#### [Task objective]
The part below that opens with the line containing "采用脉冲定位方式确定电机转子" and closes with the line containing "いっぱいの野菜。野菜の集合写" should be copied exactly, minus any pictures.

#### [Provided data]
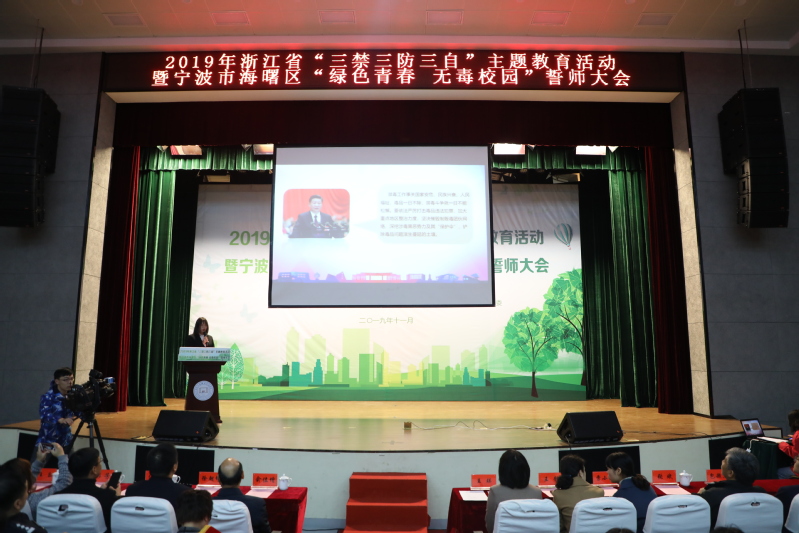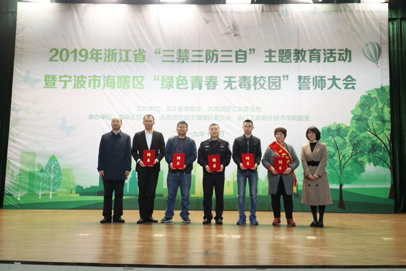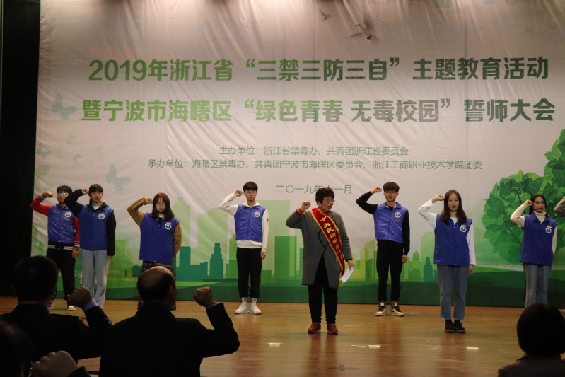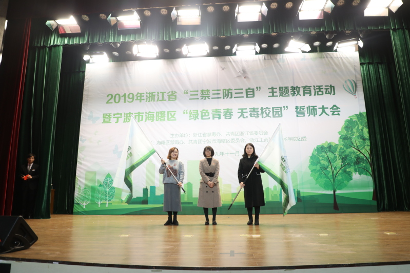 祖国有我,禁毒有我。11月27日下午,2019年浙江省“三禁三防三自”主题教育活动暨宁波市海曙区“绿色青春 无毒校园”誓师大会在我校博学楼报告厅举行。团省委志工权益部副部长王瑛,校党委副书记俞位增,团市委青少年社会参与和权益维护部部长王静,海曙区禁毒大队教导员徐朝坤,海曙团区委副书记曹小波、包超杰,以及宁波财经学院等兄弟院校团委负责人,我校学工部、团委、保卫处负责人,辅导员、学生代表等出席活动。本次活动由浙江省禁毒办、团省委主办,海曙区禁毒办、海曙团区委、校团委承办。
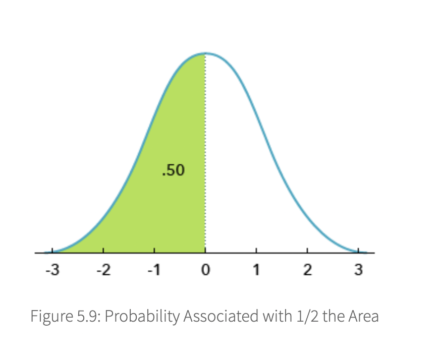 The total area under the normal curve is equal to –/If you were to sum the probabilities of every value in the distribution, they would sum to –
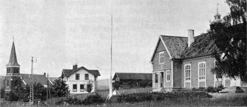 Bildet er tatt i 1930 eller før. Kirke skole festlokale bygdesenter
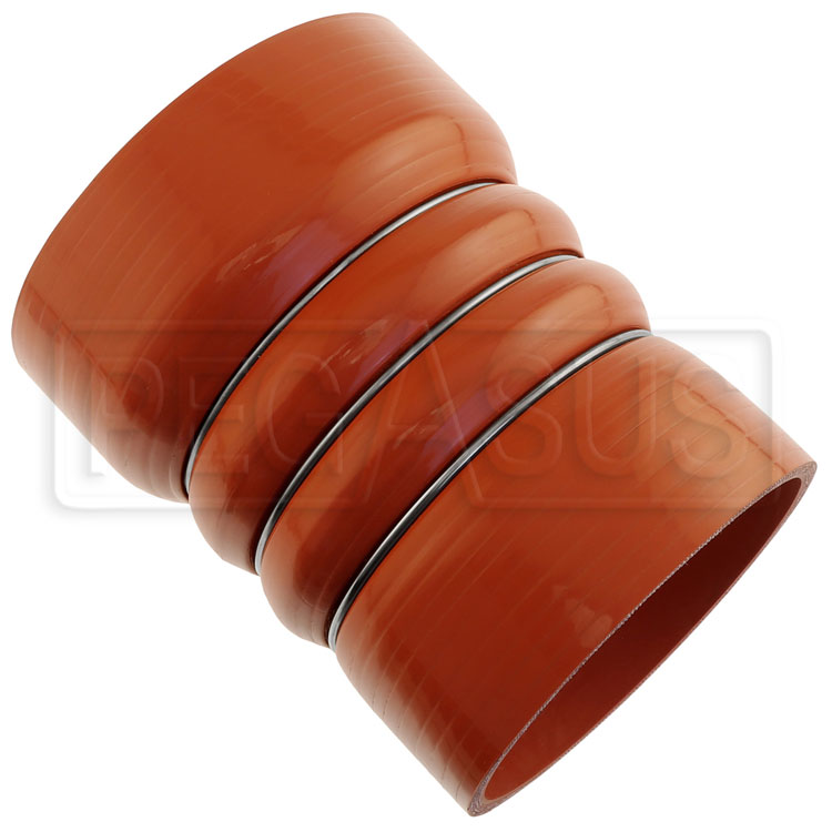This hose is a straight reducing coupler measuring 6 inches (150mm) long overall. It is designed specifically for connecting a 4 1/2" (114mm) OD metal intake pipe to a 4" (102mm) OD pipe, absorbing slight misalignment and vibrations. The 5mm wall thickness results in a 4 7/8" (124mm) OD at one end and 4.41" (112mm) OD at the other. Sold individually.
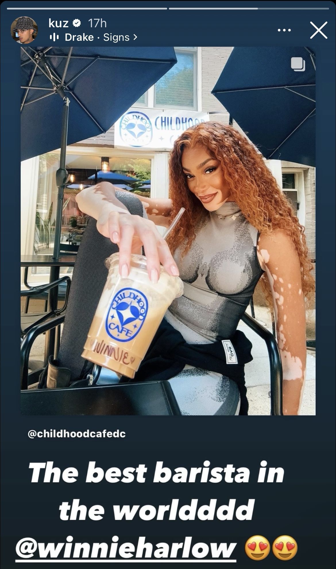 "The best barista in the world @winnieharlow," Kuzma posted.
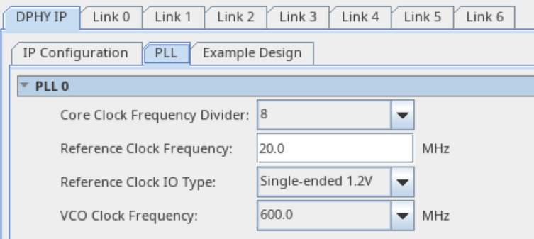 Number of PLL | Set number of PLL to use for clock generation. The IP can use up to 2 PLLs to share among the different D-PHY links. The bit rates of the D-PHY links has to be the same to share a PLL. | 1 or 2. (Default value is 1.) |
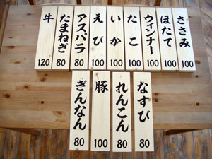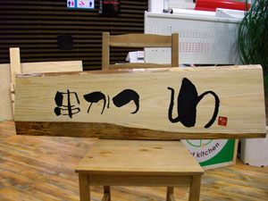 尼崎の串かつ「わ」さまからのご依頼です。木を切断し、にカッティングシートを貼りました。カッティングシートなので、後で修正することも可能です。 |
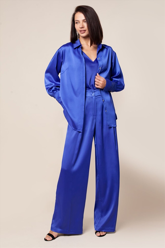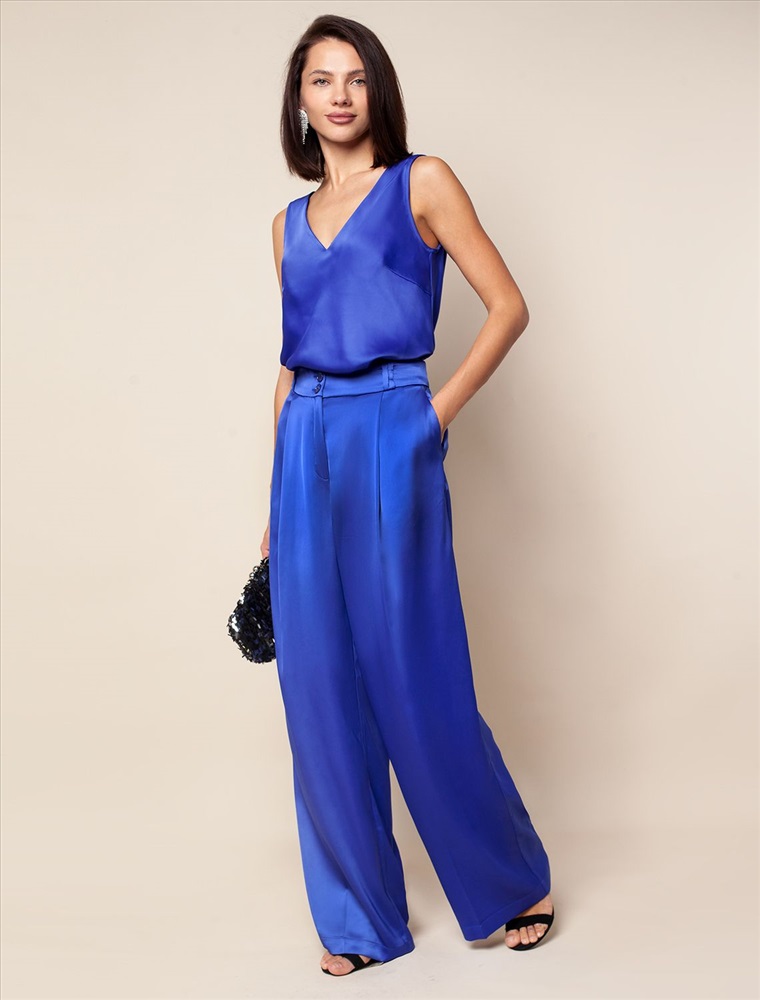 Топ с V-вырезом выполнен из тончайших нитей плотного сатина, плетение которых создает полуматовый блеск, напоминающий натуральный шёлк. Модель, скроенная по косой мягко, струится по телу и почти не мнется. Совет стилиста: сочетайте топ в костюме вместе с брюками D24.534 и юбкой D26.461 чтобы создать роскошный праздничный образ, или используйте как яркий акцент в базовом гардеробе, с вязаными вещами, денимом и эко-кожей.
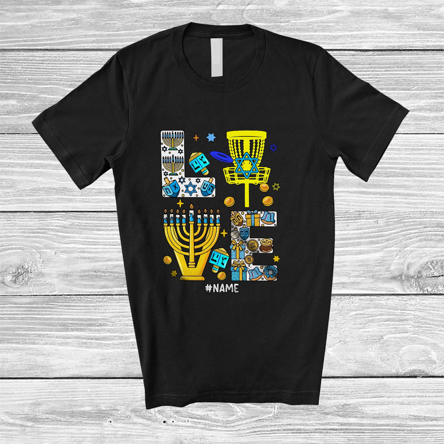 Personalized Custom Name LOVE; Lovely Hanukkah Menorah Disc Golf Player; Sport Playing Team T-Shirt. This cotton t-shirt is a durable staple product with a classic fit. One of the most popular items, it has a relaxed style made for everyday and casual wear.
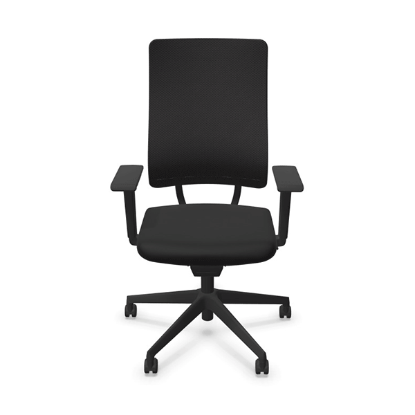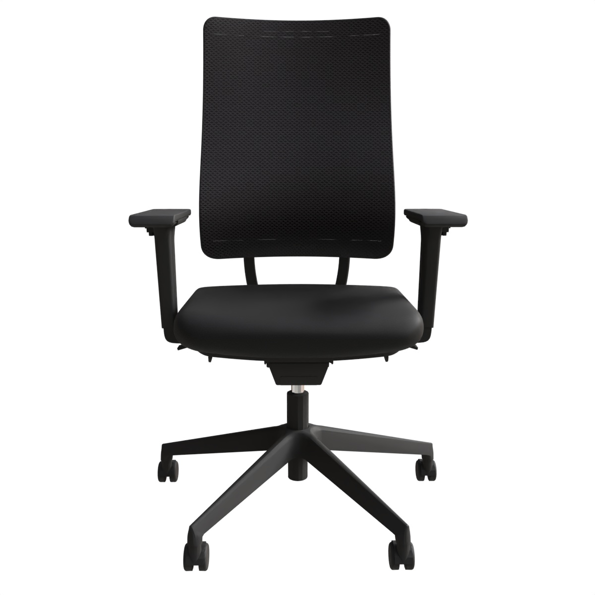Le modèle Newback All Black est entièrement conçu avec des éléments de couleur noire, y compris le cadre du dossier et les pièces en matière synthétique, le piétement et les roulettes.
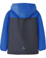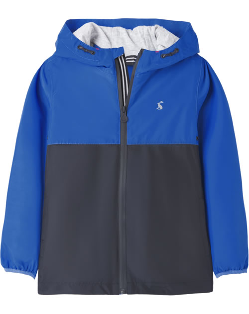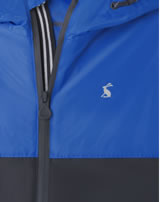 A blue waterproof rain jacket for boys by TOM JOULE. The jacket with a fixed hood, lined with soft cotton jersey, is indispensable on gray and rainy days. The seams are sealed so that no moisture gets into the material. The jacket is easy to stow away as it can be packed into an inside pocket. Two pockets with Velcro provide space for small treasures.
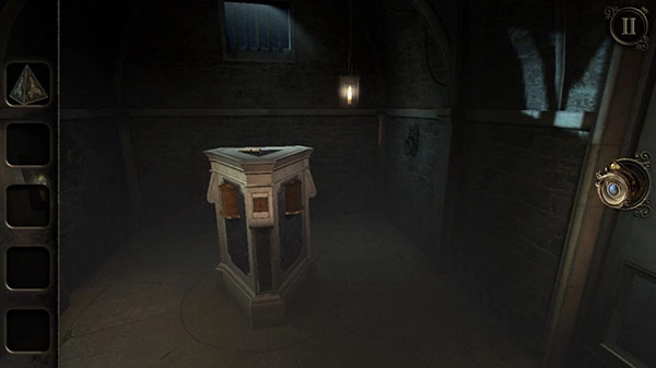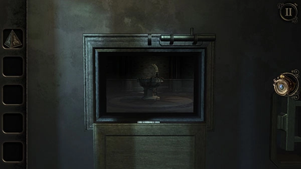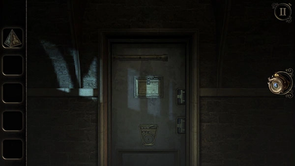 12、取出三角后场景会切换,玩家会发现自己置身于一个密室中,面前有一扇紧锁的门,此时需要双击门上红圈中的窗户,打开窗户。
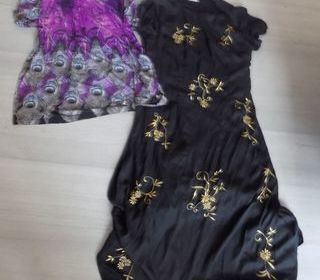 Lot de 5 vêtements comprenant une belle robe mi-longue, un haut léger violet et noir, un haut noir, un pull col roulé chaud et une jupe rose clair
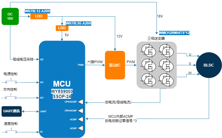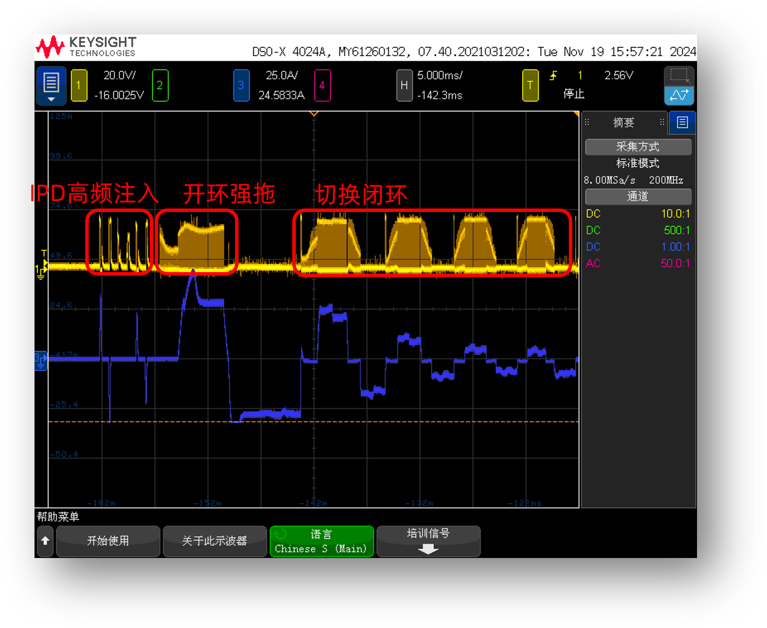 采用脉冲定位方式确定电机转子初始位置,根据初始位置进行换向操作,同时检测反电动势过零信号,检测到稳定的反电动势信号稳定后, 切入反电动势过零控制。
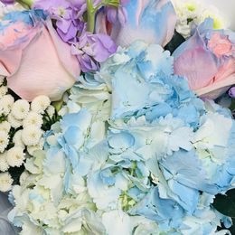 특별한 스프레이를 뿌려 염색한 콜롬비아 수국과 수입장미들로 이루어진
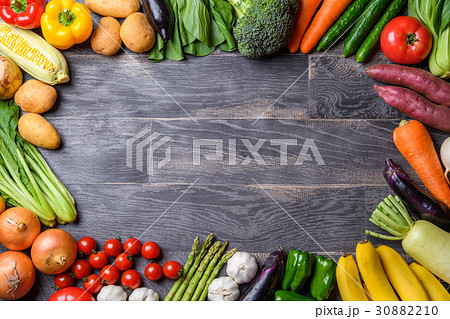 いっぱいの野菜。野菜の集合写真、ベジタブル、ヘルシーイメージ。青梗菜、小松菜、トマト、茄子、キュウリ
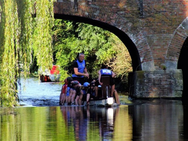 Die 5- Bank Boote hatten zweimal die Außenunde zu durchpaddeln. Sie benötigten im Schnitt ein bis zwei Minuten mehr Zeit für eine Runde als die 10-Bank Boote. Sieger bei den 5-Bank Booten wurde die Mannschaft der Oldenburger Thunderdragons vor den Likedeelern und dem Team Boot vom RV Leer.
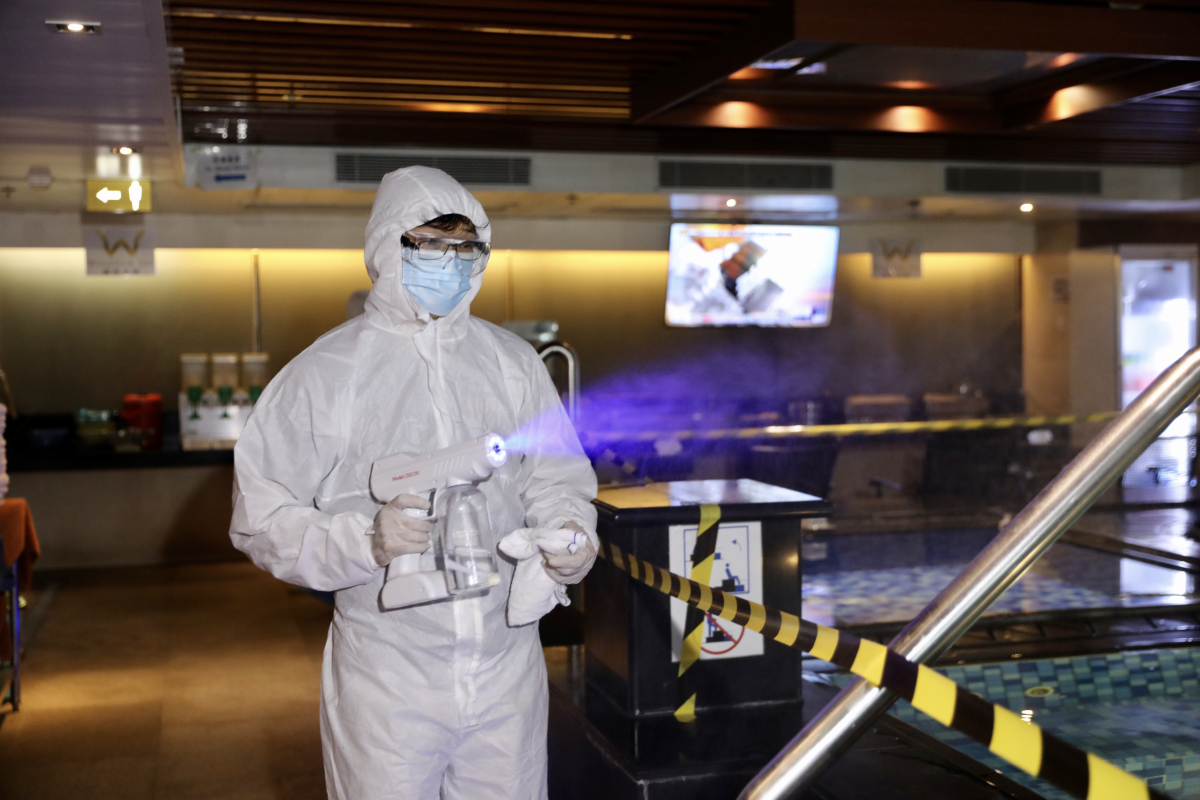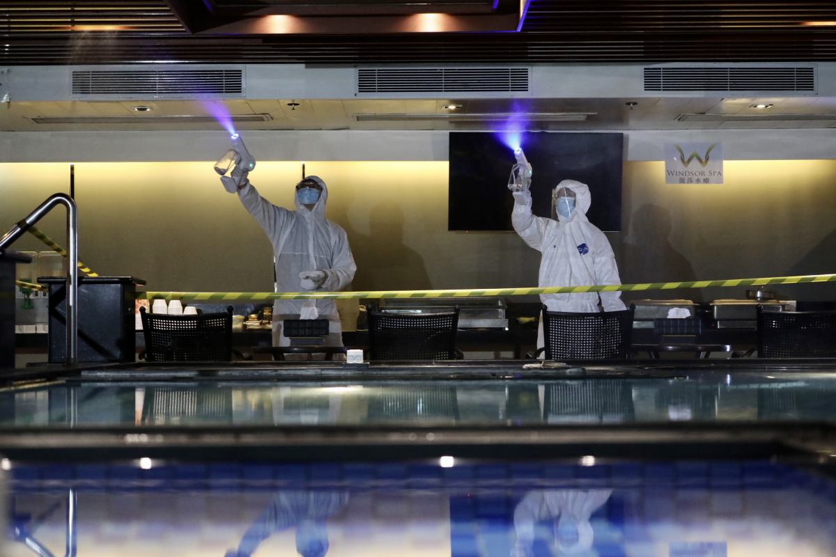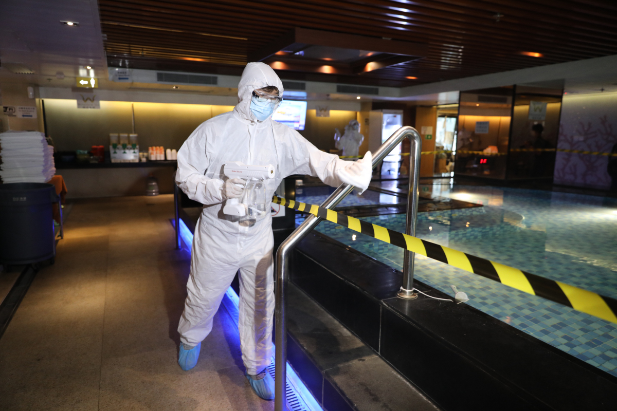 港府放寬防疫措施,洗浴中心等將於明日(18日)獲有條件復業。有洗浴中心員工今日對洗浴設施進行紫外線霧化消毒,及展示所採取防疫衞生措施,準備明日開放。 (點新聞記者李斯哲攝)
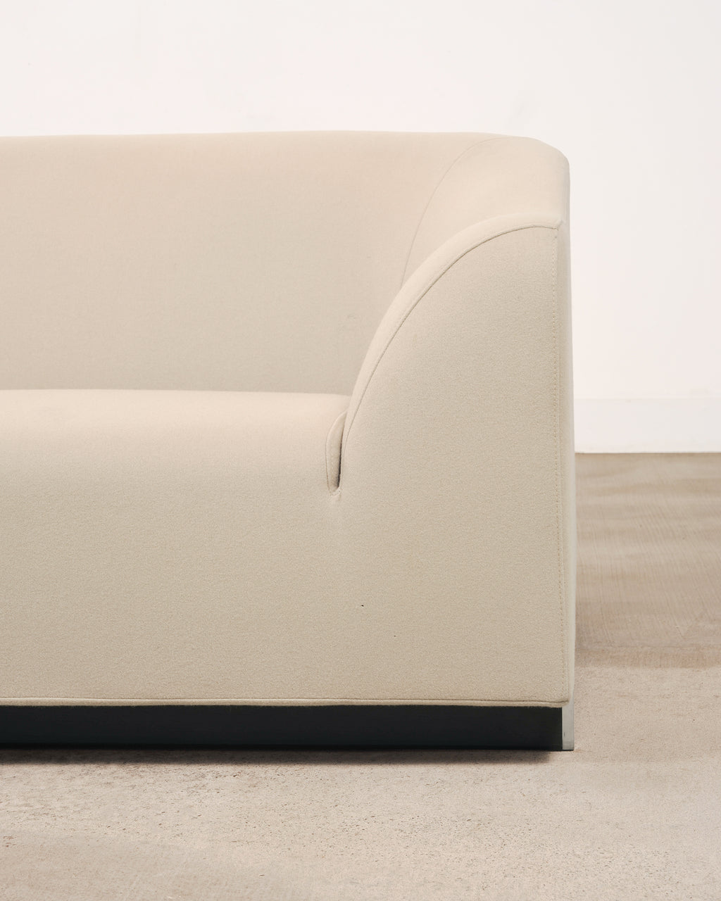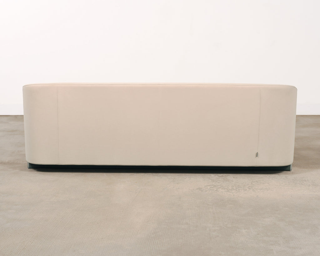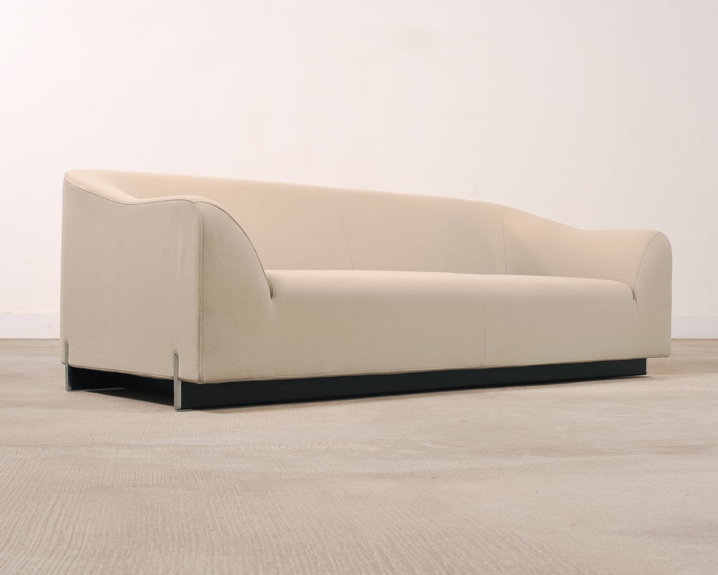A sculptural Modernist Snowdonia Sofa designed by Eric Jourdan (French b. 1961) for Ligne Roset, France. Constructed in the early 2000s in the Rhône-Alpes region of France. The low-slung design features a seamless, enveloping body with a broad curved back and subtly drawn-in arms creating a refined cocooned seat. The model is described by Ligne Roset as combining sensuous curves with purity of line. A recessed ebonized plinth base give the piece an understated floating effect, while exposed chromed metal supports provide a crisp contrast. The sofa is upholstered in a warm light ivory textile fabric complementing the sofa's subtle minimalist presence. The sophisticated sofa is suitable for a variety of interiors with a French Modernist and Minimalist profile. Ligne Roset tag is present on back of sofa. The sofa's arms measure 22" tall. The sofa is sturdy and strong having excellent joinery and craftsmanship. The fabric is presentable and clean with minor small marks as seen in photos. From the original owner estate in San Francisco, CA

#### [Expected answer]
 采用脉冲定位方式确定电机转子初始位置,根据初始位置进行换向操作,同时检测反电动势过零信号,检测到稳定的反电动势信号稳定后, 切入反电动势过零控制。
 특별한 스프레이를 뿌려 염색한 콜롬비아 수국과 수입장미들로 이루어진
 いっぱいの野菜。野菜の集合写真、ベジタブル、ヘルシーイメージ。青梗菜、小松菜、トマト、茄子、キュウリ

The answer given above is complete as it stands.